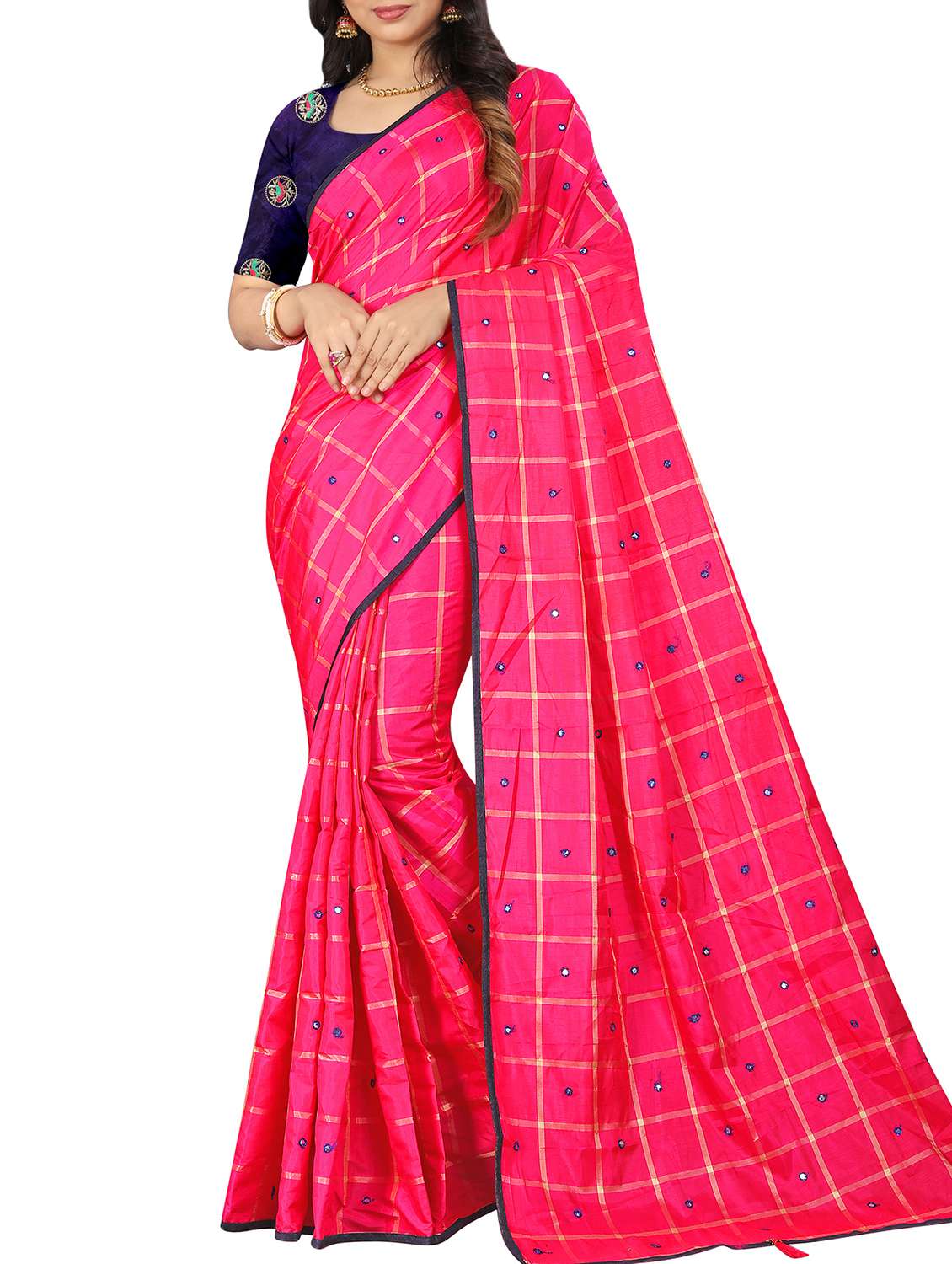 - » checkered mirror work embroidered saree with blouse
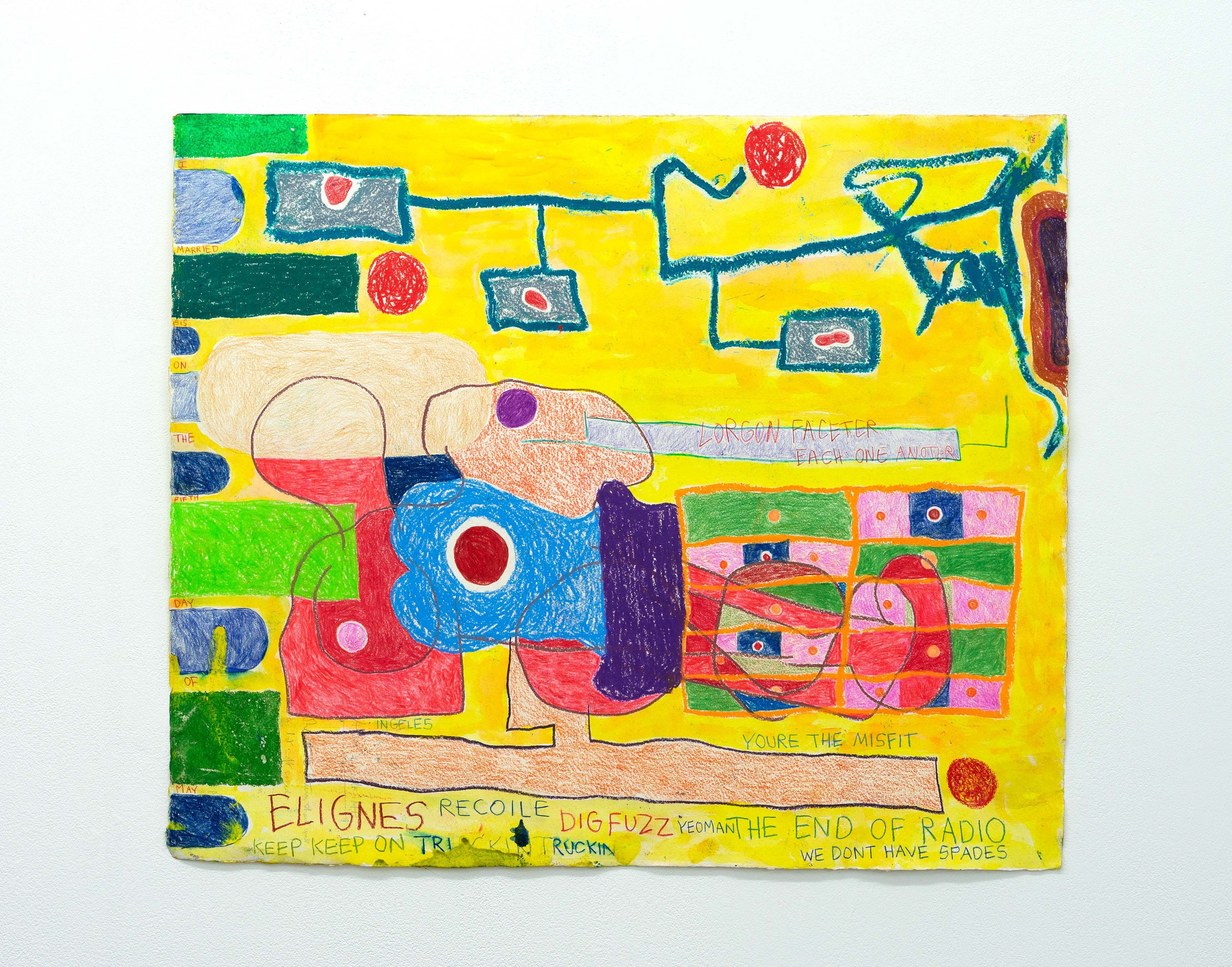 Drawing is central to Webster’s practice, a way of moving through ideas until something unfamiliar asserts itself. Created through sustained sequences, the works allow meaning to arise slowly through repetition, variation, and attention. Influenced by Philip Guston’s “peculiar miracle” of art making, Webster prioritises experience over explanation, producing drawings that are provisional yet inevitable. Language returns to Webster’s work after a long absence, appearing as lists, lyrics, and fragments drawn from music, poetry, film, and popular culture. Words function as material rather than message, valued for sound, rhythm, humour, and emotional charge. In other works, language disappears entirely, allowing silence and non-verbal intensity to dominate. Text emerges only when the drawing demands it.
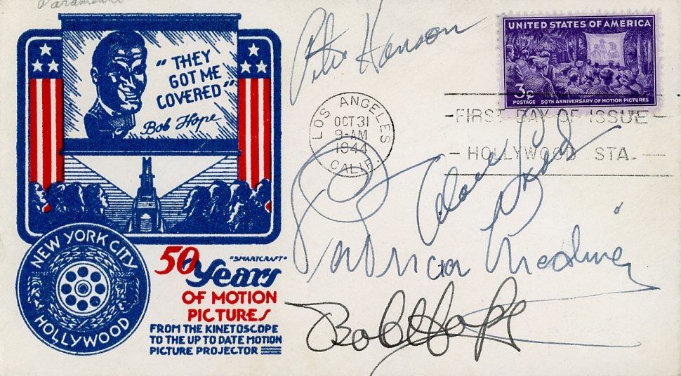 First Day Cover signed by Peter Hanson, Alan Ladd, Patricia Medina, and Bob Hope dated October 31, 1944. All items come with a COA and guarantee for the life of the piece.
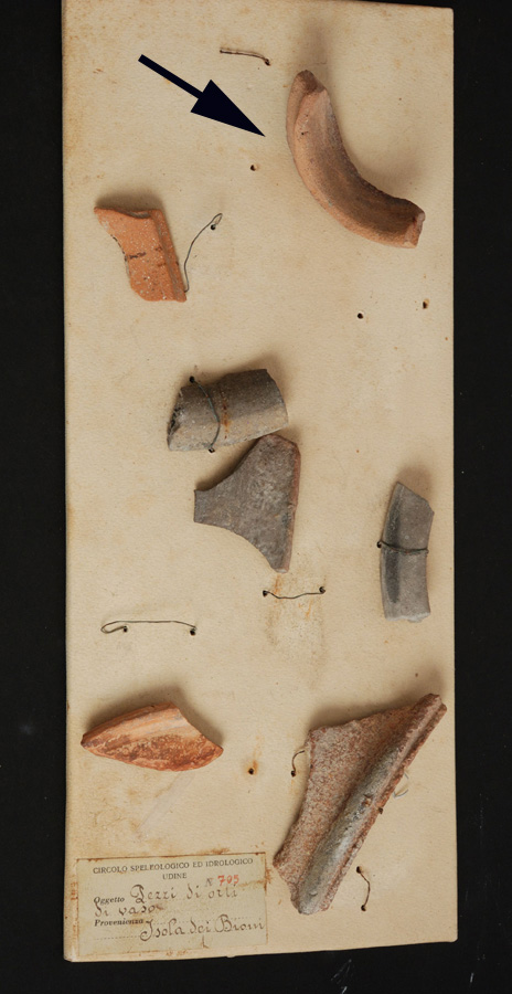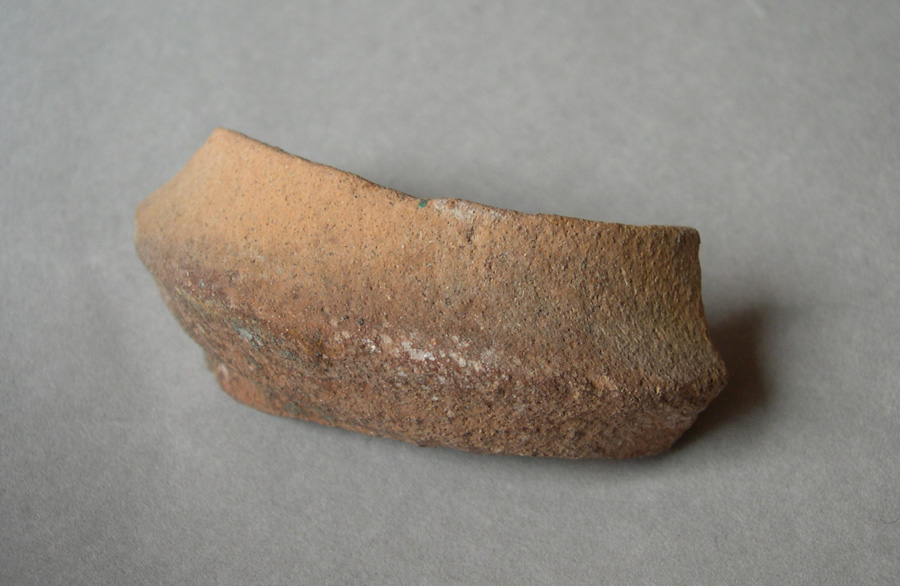 Frammento di orlo a sezione triangolare, con profilo biconico. Impasto di colore arancio duro, ruvido al tatto e caratterizzato da inclusi calcarei e chamotte.
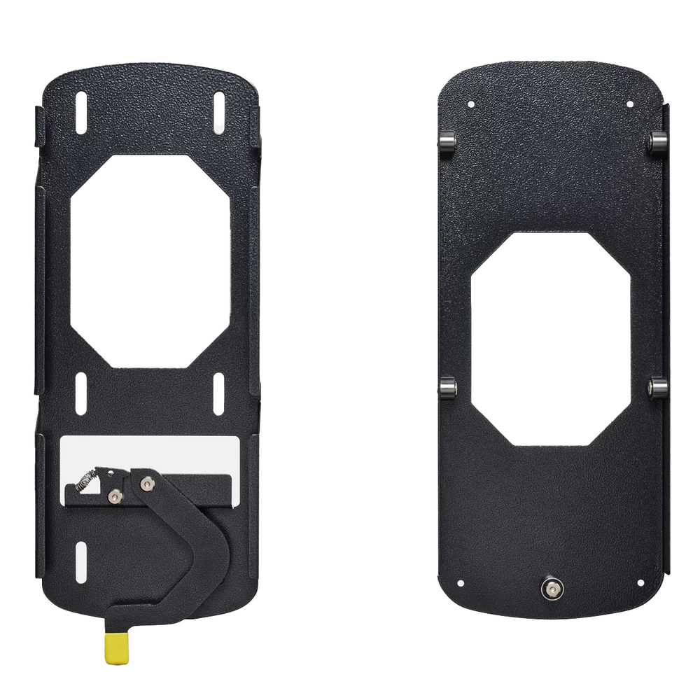 The Roadie quick release base bolts to the floor of your vehicle, a second base mounts to your Roadie, and the fridge is fastened firmly in place with a single positive locking lever.
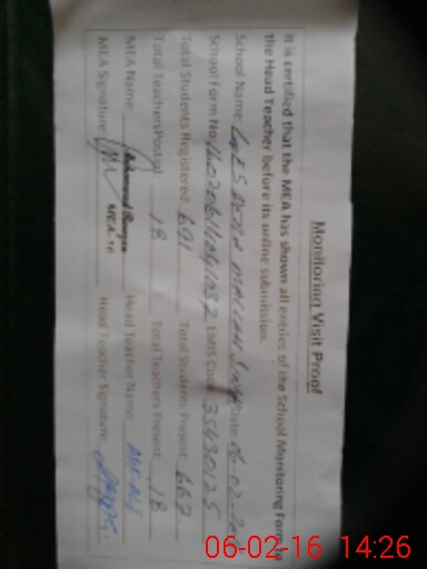| Certified that this School was Inspected by the Undersigned MEA/DMO Today and the Information Stated Above is as Per Record. | |||||

## To do
Leave the pictures behind and repeat each entry exactly.

## Finished task
 - » checkered mirror work embroidered saree with blouse
 Drawing is central to Webster’s practice, a way of moving through ideas until something unfamiliar asserts itself. Created through sustained sequences, the works allow meaning to arise slowly through repetition, variation, and attention. Influenced by Philip Guston’s “peculiar miracle” of art making, Webster prioritises experience over explanation, producing drawings that are provisional yet inevitable. Language returns to Webster’s work after a long absence, appearing as lists, lyrics, and fragments drawn from music, poetry, film, and popular culture. Words function as material rather than message, valued for sound, rhythm, humour, and emotional charge. In other works, language disappears entirely, allowing silence and non-verbal intensity to dominate. Text emerges only when the drawing demands it.
 First Day Cover signed by Peter Hanson, Alan Ladd, Patricia Medina, and Bob Hope dated October 31, 1944. All items come with a COA and guarantee for the life of the piece.
 Frammento di orlo a sezione triangolare, con profilo biconico. Impasto di colore arancio duro, ruvido al tatto e caratterizzato da inclusi calcarei e chamotte.
 The Roadie quick release base bolts to the floor of your vehicle, a second base mounts to your Roadie, and the fridge is fastened firmly in place with a single positive locking lever.
| Certified that this School was Inspected by the Undersigned MEA/DMO Today and the Information Stated Above is as Per Record. | |||||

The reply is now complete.